So how would you train a neural network to do the equivalent task? Using data! By feeding it with a set of `x`s, and a set of `y`s, it should be able to figure out the relationship between them.

Let's step through this piece by piece.


## Imports

Let's start with our imports. Here we are importing numpy and part of the sklearn library. Specifically, we're importing a section that will allow us to use a Stochastic Gradient Descent (SGD) model.

In [29]:
import numpy as np
from sklearn.linear_model import SGDRegressor

## Define and Compile the Neural Network

Next we will specify the model to use. You can look up information on the [SGDRegressor model](https://scikit-learn.org/stable/modules/generated/sklearn.linear_model.SGDRegressor.html) in the documentation. It gives us basic information (as well as a lot of details that may be way beyond our grasp at the moment):

*    Linear model fitted by minimizing a regularized empirical loss with SGD.
*    SGD stands for Stochastic Gradient Descent: the gradient of the loss is estimated each sample at a time and the model is updated along the way with a decreasing strength schedule (aka learning rate).

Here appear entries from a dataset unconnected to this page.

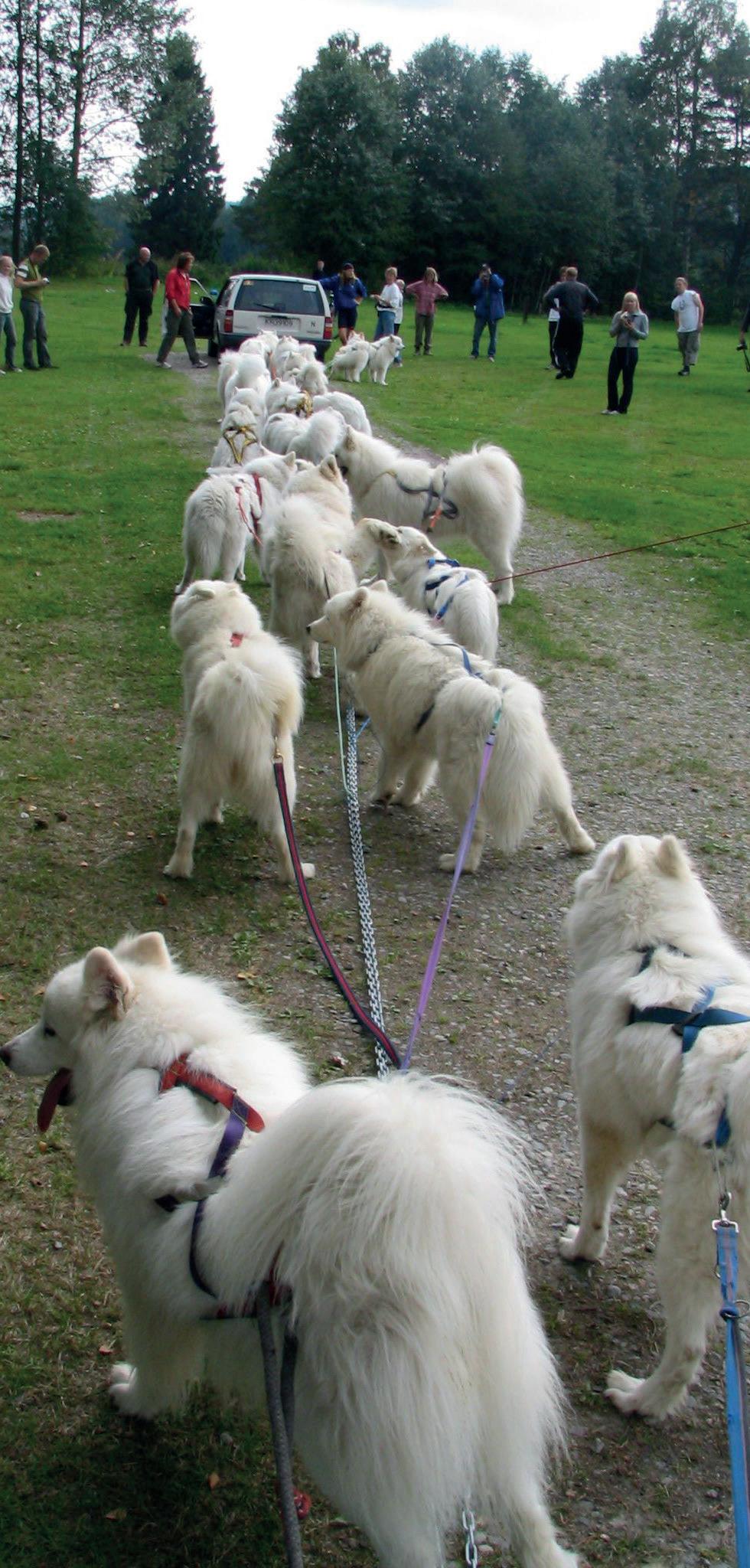vis ikke er motsetning mellom disse to aktivitetene viste NP gjennom sine arrangementer. Igjen, det var samlinger med alle klubbens raser som var det mest morsomme. På tross av forskjellige raser, var det aktiviteten som var bærebjelken i miljøet. Tidlig fikk jeg tak i boka «Bikkjer som trekker.... av en Honne. Da var det i et kort øyeblikk jeg begynte å tro at jeg hadde valgt feil. Man blir ikke styrket i troen når følgende blir sagt om samojedhunden; «Dens egenskaper som trekkhund er nok i dag vesentlig redusert sammenlignet med de øvrige polare rasene fordi avlen her Norge vesentlig har foregått med utstilling for øyet. Dette kan utvilsomt ha foredlet rasen i visse henseen-
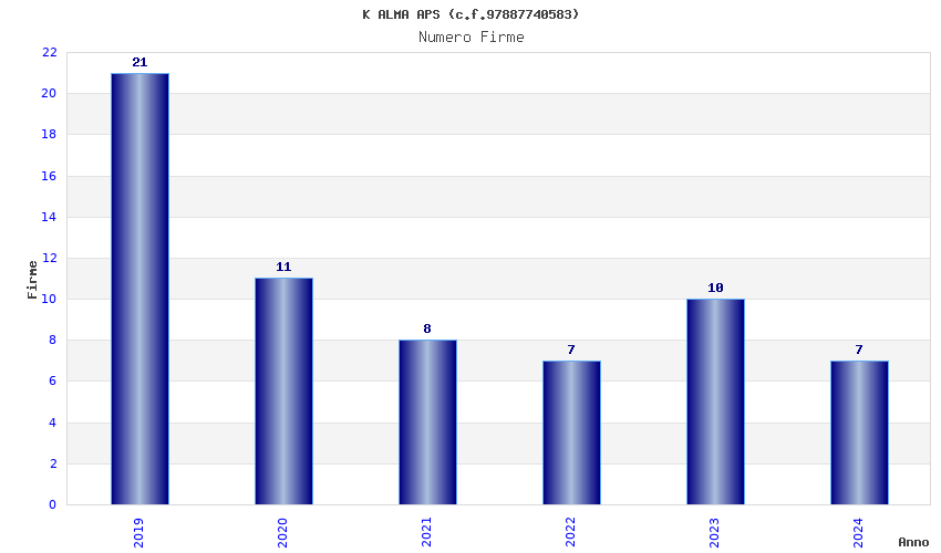 | Anno | Firme | Importi | Media | Naz. | Reg. | Prov. | Comu. |
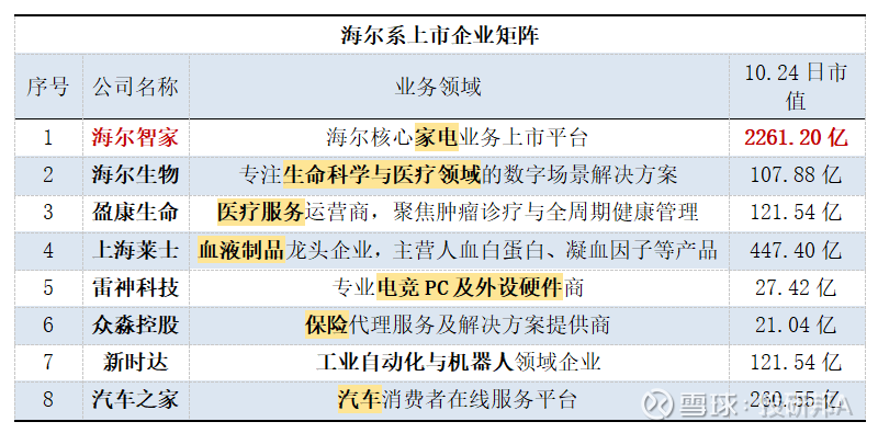 截至2025年10月24日,“海尔系”共有8家上市企业,覆盖家电、大健康、电竞外设、工业互联网、汽车五大领域,合计市值金额达到了3368.57亿元。
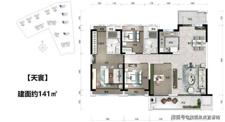天寰组团首推12栋,建面约85-141㎡的3-4房,大都朝南分布,采光通风俱佳,实用率优秀。

We can also view many of the parameters that we can customise. For now we'll only specify two:
*    max_iter = the number of max iterations, which defines the maximum number of passes over the training data (aka epochs). This essentially defines how long should the model train itself.
*    tol = tolerance, which determines the stopping criterion. In other words, this parameter allows us to stop the training once the model is accurate enough for our needs. A higher tolerance will stop the model sooner, while a lower tolerance will require more training to satisfy the stopping requirement.

In [24]:
model = SGDRegressor(max_iter=500, tol=1e-3)

## Providing the Data

Next up we'll feed in some data. In this case we are taking 6 `x`s and 6 `y`s. The _actual_ relationship between these is `y = 3x + 1`, which you can infer with a bit of mental math. We will be submitting our data in numpy arrays:

In [25]:
xs = np.array([-1.0, 0.0, 1.0, 2.0, 3.0, 4.0]).reshape(-1, 1)
ys = np.array([-2.0, 1.0, 4.0, 7.0, 10.0, 13.0])

# Training the model

Next we must train the model. In sklearn, we can easily use the .fit() method. If you've seen lots of math for machine learning, here's where it's usually used, but in this case it's nicely encapsulated in functions for you. But what happens here -- let's explain...

We know that in our function, the relationship between the numbers is `y=3x+1`.

When the computer is trying to 'learn' that, it makes a guess...maybe `y=10x+10`? A **loss function** measures the guessed answers against the known correct answers and measures how well or how badly it did.

It then uses an **optimizer function** to make another guess. Based on how the loss function went, it will try to minimize the loss. At that point maybe it will come up with something like `y=5x+5`, which, while still pretty bad, is closer to the correct result (i.e. the loss is lower).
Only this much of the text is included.